In libmaxminddb, I never figured out how to get the data into my program. The example program provided along with the library does not show how to do so, and combing through the headers and source left me confused. The function
looks promising, but all of the arguments are constant. This means the only output is the integer that is returned. However, that just gives the status of whether the path to the data in the record was found. The only way of extracting data seems to be the one given in the example code, which is to dump JSON formatted data to a file stream.
So, for example, if you want to get the name of the country of someone that is visiting your website, you open two file streams that are piped together then pass one end of the pipe to $MMDB\_dump\_entry\_data\_list$. That will walk through the linked list and write a JSON record.
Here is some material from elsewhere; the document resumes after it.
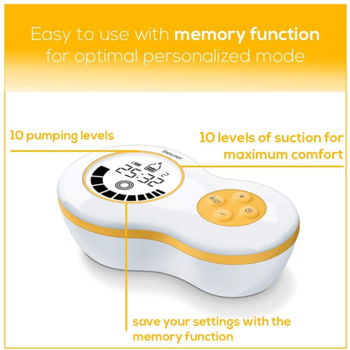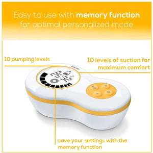 Free the pump. German engineered and designed - making it the ideal breast pump for mothers. The double electric breast pump pumps milk comfortably and can be used as a dual pump or single pump. The unit utilizes vacuum technology, for powerful suction - while maintaining a comfortable pump for you, and making it a shorter pumping time than a conventional pump. The comfortable vacuum technology ensures the most natural possible simulation of the drinking process. Breastfeeding mothers can pump their milk easily and conveniently at home or on the go with our dual by70 milk pump. The breast pump includes a travel tote bag, making it easy to carry with you - whether to go to the doctor's office, run errands, or keep it easily organized at home. Make it personalized there's no one way to do things, breast pumping included. Which is why we've made it completely customizable for all of the moms out there! the pump features 10 stimulation levels and 10 pumping levels - leaving it completely personalized. More so, we've included a memory function - which saves your last used stimulation and pumping levels for the future - so that breastfeeding is seamless and you are always comfortable. Accessories included tote bag 2 bottles matching screw plugs for bottles 2 bottle holders 2 silicone cups manual pump handle compatible with AVENT and NUK bottles ***BPA free specifications: double electric pump memory function: saves last settings automatically vacuum technology mains or battery operated 4 x aa batteries included

You then read that record, parse it (presumably with some off-the-shelf JSON library), and extract the relevant information from the parse tree. If this is truly the case, it is ridiculous. I can at least confirm that the locations they give and that I give are the same. Both say I am in Sammamish, WA, which is a city that neighbors the city I live in. Here is the lovely JSON output.
I did all testing on my first generation Surface Pro with 64 bit Ubuntu. According to /proc/cpuinfo, my processor is an Intel(R) Core(TM) i5-3317U CPU @ 1.70GHz, with a cache size of 3072 KB. I compiled with whatever the default release settings are for QtCreator, which used GCC 4.8.2. I used the high precision $gettimeofday$ function to measure time deltas. I stored 10 million uniform random IP addresses calculated with the Mersenne Twister pseudorandom number generator. Storing the IPs in an array both allows me to give the same inputs to both algorithms and reduces the overhead of creating IPs in the timing loop. I couldn't figure out how to extract info from the record pointer provided by MaxMind, so I only tested time to return a record pointer for both of the algorithms. In order to ensure that the lookup code was not optimized out, I calculate a bitwise or of the returned pointers that I print at the end. The results were:
Josiah | MaxMind | |
Time 10M queries | 0.7861 s | 71.94 s |
Rate of queries | 12.72 M/s | 0.1390 M/s |
I feel a bit disappointed that the performance of MaxMind's library is 92x slower. This is significantly slower than is reported on their benchmark page, which I believe reports the timings of their previous library that has been discontinued. There, they report a rate of 2.67 M/s on an Intel Core i5 2.53 GHz machine. My rate is about 4.75x faster than that, which is in the ballpark of what I expected from using a B-tree instead of a binary search. I'm not sure if it fair to adjust for clock speed or not, because it is likely that memory latency rather than CPU speed is the bottleneck. If speed is proportional to CPU clocks, I am 7x faster than the old library.
It feels a little cheap to compare times taken to return a pointer, because my method does not ever touch the memory with location information, which saves me two cache misses. In contrast MaxMind touches the memory and copies it into new memory that it allocates and frees. That said, I made the test as fair as I could and this is the same benchmark test provided in the MaxMind example code. I would have had both methods do something with the location data if the MaxMind API allowed me to. From what I have seen so far, it may be for the best that MaxMind was saved from the embarrassment of additional tests.